Now we need to convert the raw book text into a format the model can learn from. For **Supervised Fine-Tuning (SFT)**, we need the data in a conversational format — specifically, a list of messages with roles like `"system"`, `"user"`, and `"assistant"`.

### Our Approach: Passage-Based Q&A Format

We will structure each training example as:
- **System message**: Sets the context — tells the model it is an expert on Jordan Peterson's ideas
- **User message**: Asks the model to discuss, explain, or continue a passage from the book
- **Assistant message**: Contains the actual book text passage

This format teaches the model to produce text that sounds like Jordan Peterson when asked about topics from his books.

### Why This Format?

The GPT-OSS model uses OpenAI's [Harmony](https://github.com/openai/harmony) chat format. To fine-tune it effectively, our training data must match this conversational structure.
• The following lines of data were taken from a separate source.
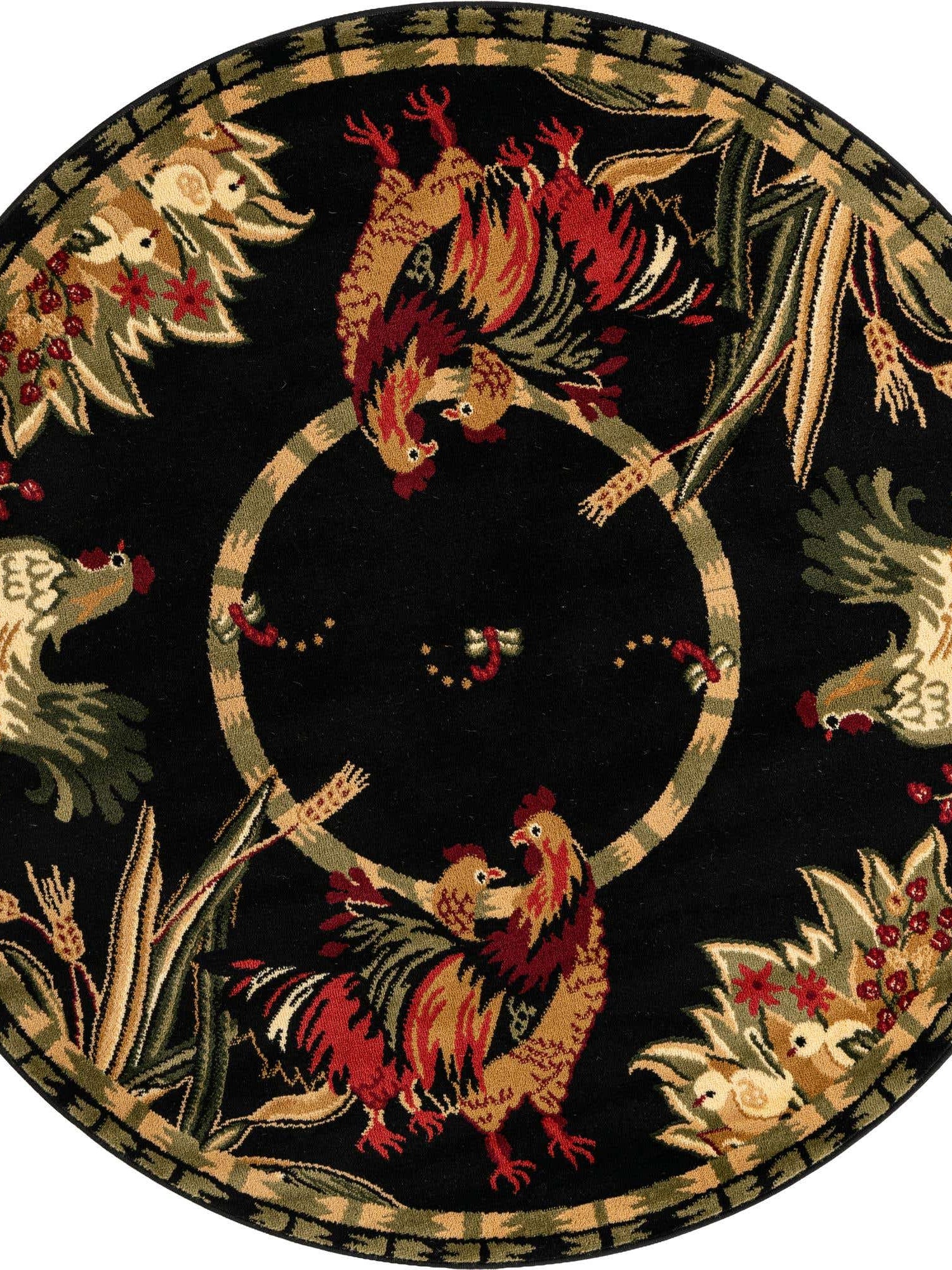 Black 3' 1 x 3' 1 Barnyard Round Area Rug 100% Polypropylene With Cotton Backing Traditional Cottage Rustic Classical Carpet for Living Office Bedroom Dining Room Easy to Clean Long Lasting & Durable Decor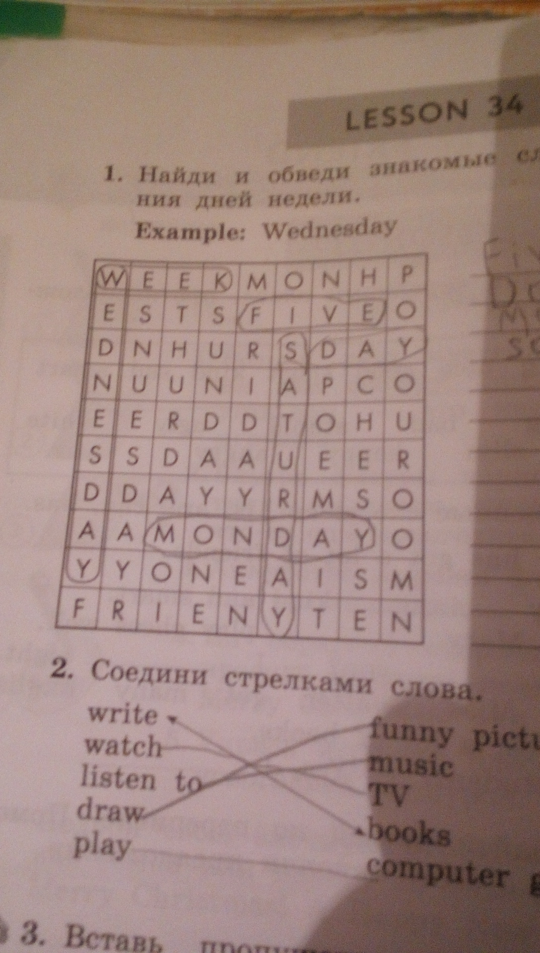 Найди и обведи знакомые слова.Выпиши названия дней недели . Помогите пожалуйста.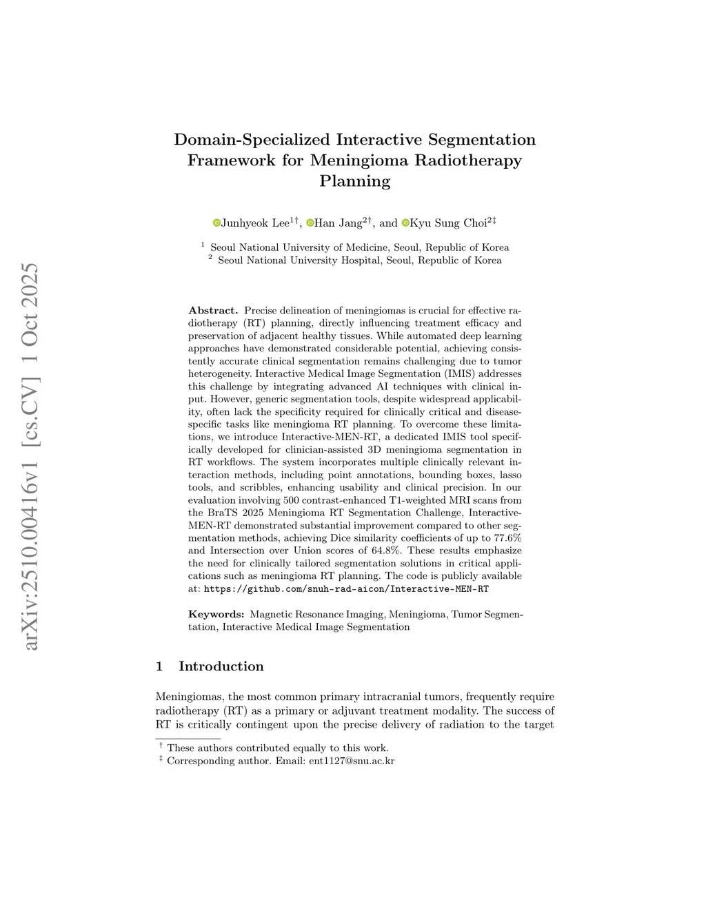 Domain-Specialized Interactive Segmentation Framework for Meningioma Radiotherapy Planning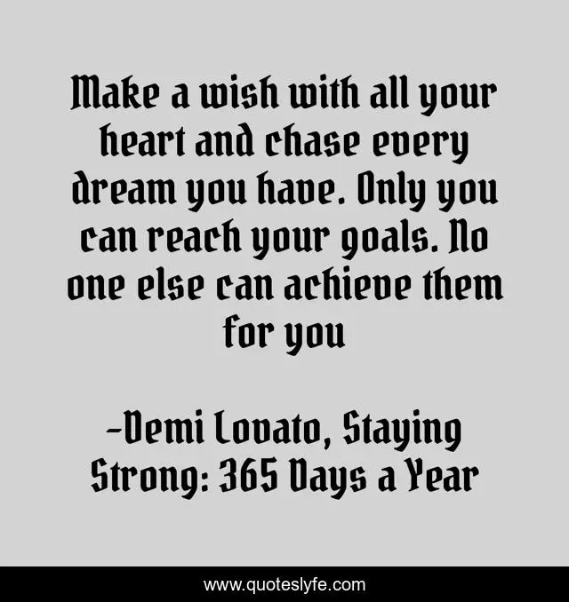 This page presents the quote "Make a wish with all your heart and chase every dream you have. Only you can reach your goals. No one else can achieve them for you". Author of this quote is Demi Lovato, Staying Strong: 365 Days a Year. This quote is about heart, goal, dreams,.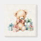 Magnet com uma ilustração fofinha com um ursinho de pelúcia estilo vitoriano. Vestindo um arco vermelho rico. Desenhado em um estilo vintage bonito e antigo. Presentes de Natal pastel vermelho e azul rodeados por este urso de coração quente.
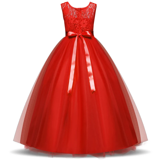 Baby Red Sequin Multi Layered Side Flower Maxi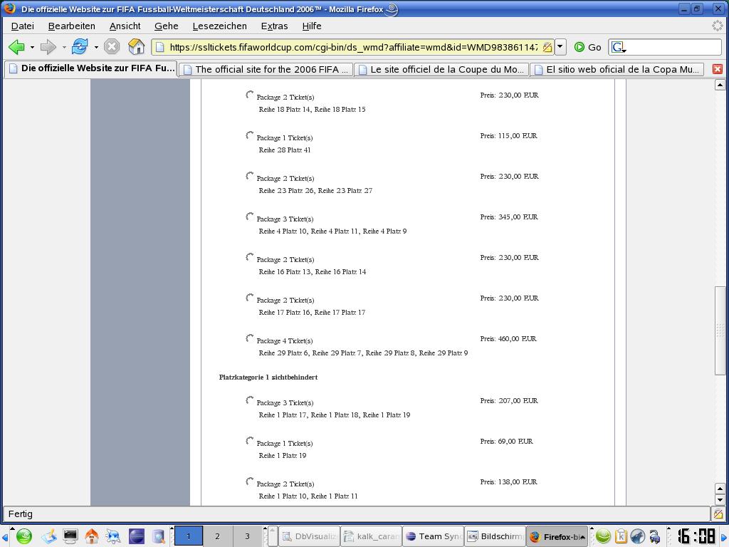 z.B. war beim Spiel #5 Argentinien-Elfenbeinküste immer wieder das selbe Package (4xKat. 4 Reihe 18, Sitz 2-5) drin, aber wenn man es auswählen wollte, dann ist immer der Fehlerlink gekommen udn immer, wenn mmich ResaleAlarm auf diese Spiel hingewiesen hat, hab ichs erbneut probiert, indem ich beiom Felerlink F5 gedrückt hab, aber es ist immer nur degestanden...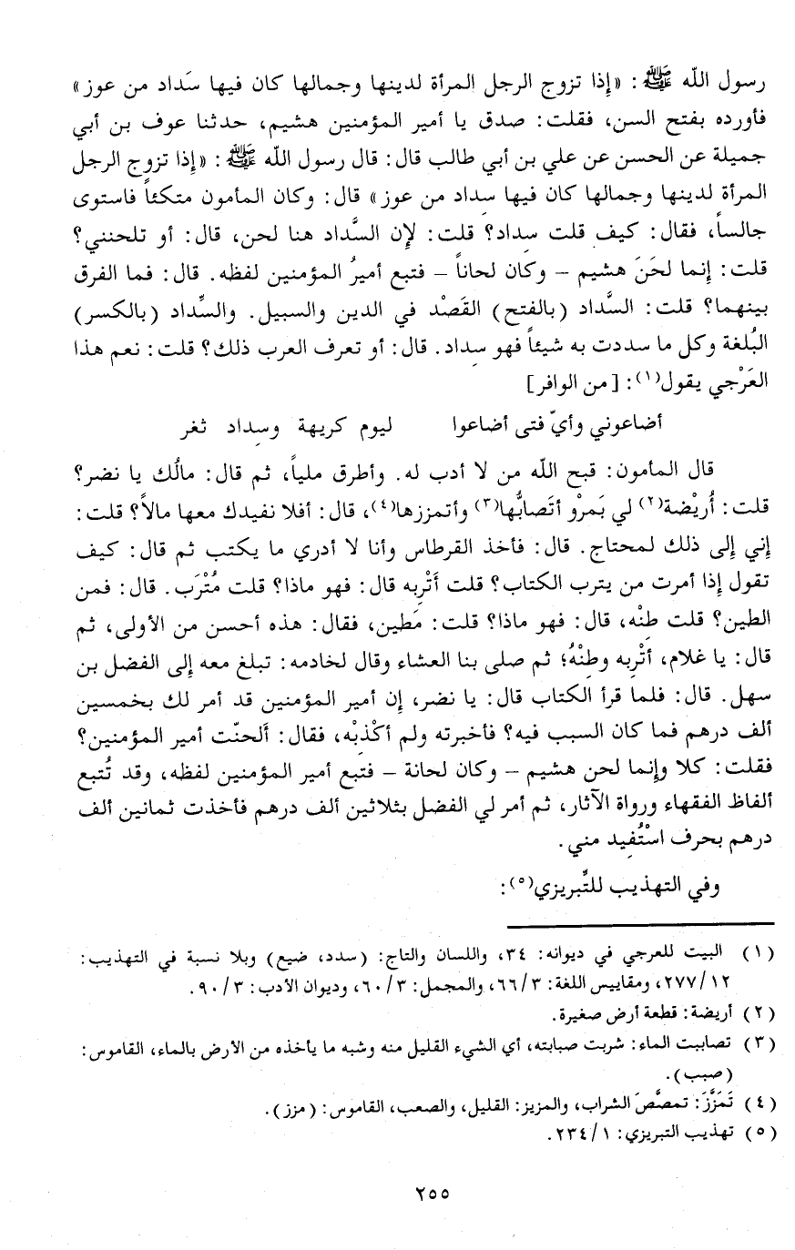 رسول الله صلى الله عليه وسلم: (إذا تزوج الرجل المرأة لدينها وجمالها كان فيها سَداد من عوز) فأورده بفتح السن، فقلت: صدق يا أمير المؤمنين هشيم، حدثنا عوف بن أبي جميلة عن الحسن عن علي بن أبي طالب قال: قال رسول الله صلى الله عليه وسلم (إذا تزوج الرجل المرأة لدينها وجمالها كان فيها سداد من عوز) قال: وكان المأمون متكئا فاستوى جالسا، فقال: كيف قلت سِداد قلت: لإن السَّداد هنا لحن، قال: أو تلحنني قلت: إنما لحَنَ هشيم - وكان لحانا - فتبع أميرُ المؤمنين لفظه.

The `tokenizer.apply_chat_template()` function handles all the special tokens and formatting automatically.

### Chunking Strategy

We split the text into chunks of approximately 350 words (~470 tokens) with 50-word overlaps between consecutive chunks. This ensures:
- Each chunk fits within our 2048-token sequence length (with room to spare for the chat template overhead)
- Ideas that span chunk boundaries are partially represented in adjacent chunks
- We leave room for the system/user prompt tokens and the GPT-OSS system preamble (~150 tokens)

In [None]:
def chunk_text(text: str, chunk_size: int = 350, overlap: int = 50) -> list[str]:
    """
    Split text into overlapping chunks by word count.
    
    We chunk by words rather than characters because the model processes
    tokens (which roughly correspond to words). A chunk of ~350 words
    translates to roughly 470 tokens, leaving plenty of room for the 
    system/user prompt and chat template overhead within our 2048 token limit.
    
    The overlap ensures continuity between chunks — a sentence that gets
    split at a chunk boundary will appear (at least partially) in both
    the current chunk and the next one.
    
    Args:
        text: The full text to chunk
        chunk_size: Number of words per chunk
        overlap: Number of overlapping words between consecutive chunks
        
    Returns:
        List of text chunks
    """
    words = text.split()
    chunks = []
    start = 0
    
    while start < len(words):
        end = start + chunk_size
        chunk = ' '.join(words[start:end])
        
        # Only include chunks that have meaningful content (at least 50 words)
        if len(chunk.split()) >= 50:
            chunks.append(chunk)
        
        # Move the window forward, but overlap with the previous chunk
        start = end - overlap
    
    return chunks


# Define the prompts that will be paired with each chunk.
# We rotate through these to add variety to the training data.
# Each prompt frames the book passage differently, teaching the model
# to respond to various types of requests about Peterson's ideas.
USER_PROMPTS = [
    "Please share your thoughts on the following topic from your writings.",
    "Can you elaborate on this idea from your work?",
    "Explain this concept in detail.",
    "What are your views on this subject?",
    "Continue discussing this topic.",
    "Tell me more about this idea.",
    "Share your perspective on this.",
    "Discuss the following in depth.",
]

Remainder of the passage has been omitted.